# WHAT TO WORK ON
Without the pictures, set down every line of the data exactly.

# RECORDED INFORMATION
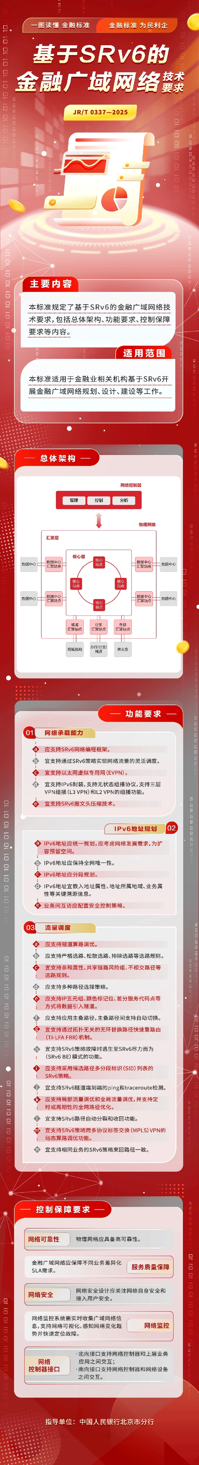 今天推出的是“一图读懂 金融标准”系列第4篇,为大家解读《基于SRv6的金融广域网络技术要求》(JR/T 0337—2025)。
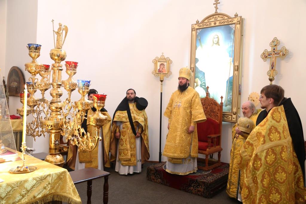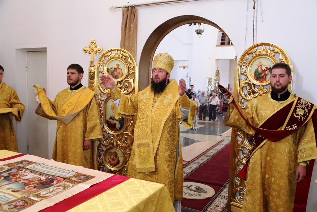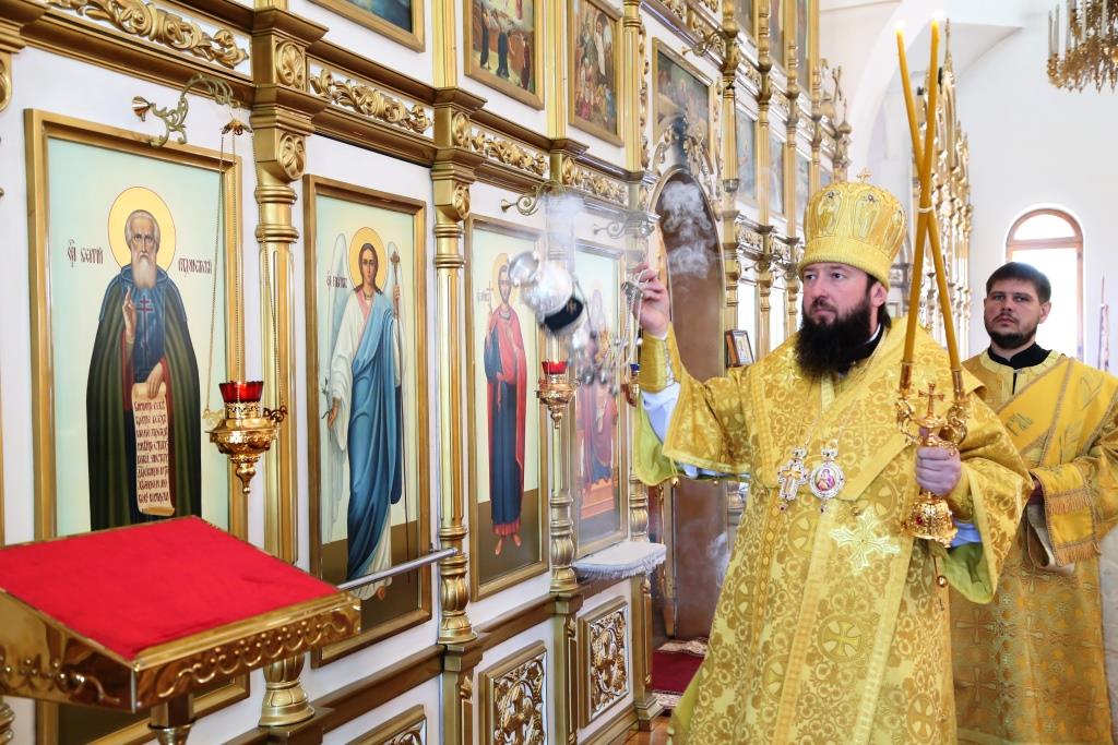 По заамвонной молитве Архипастырь с клириками воспел славление всем русским святым, после чего епископ Амфилохий обратился к народу Божию со словами проповеди.
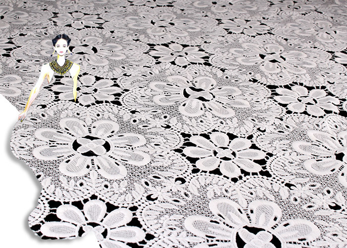 Tissu en dentelle de coton brodé guipure de Venise, couleur DTM sans azo

# SOLUTION
 今天推出的是“一图读懂 金融标准”系列第4篇,为大家解读《基于SRv6的金融广域网络技术要求》(JR/T 0337—2025)。
 По заамвонной молитве Архипастырь с клириками воспел славление всем русским святым, после чего епископ Амфилохий обратился к народу Божию со словами проповеди.
 Tissu en dentelle de coton brodé guipure de Venise, couleur DTM sans azo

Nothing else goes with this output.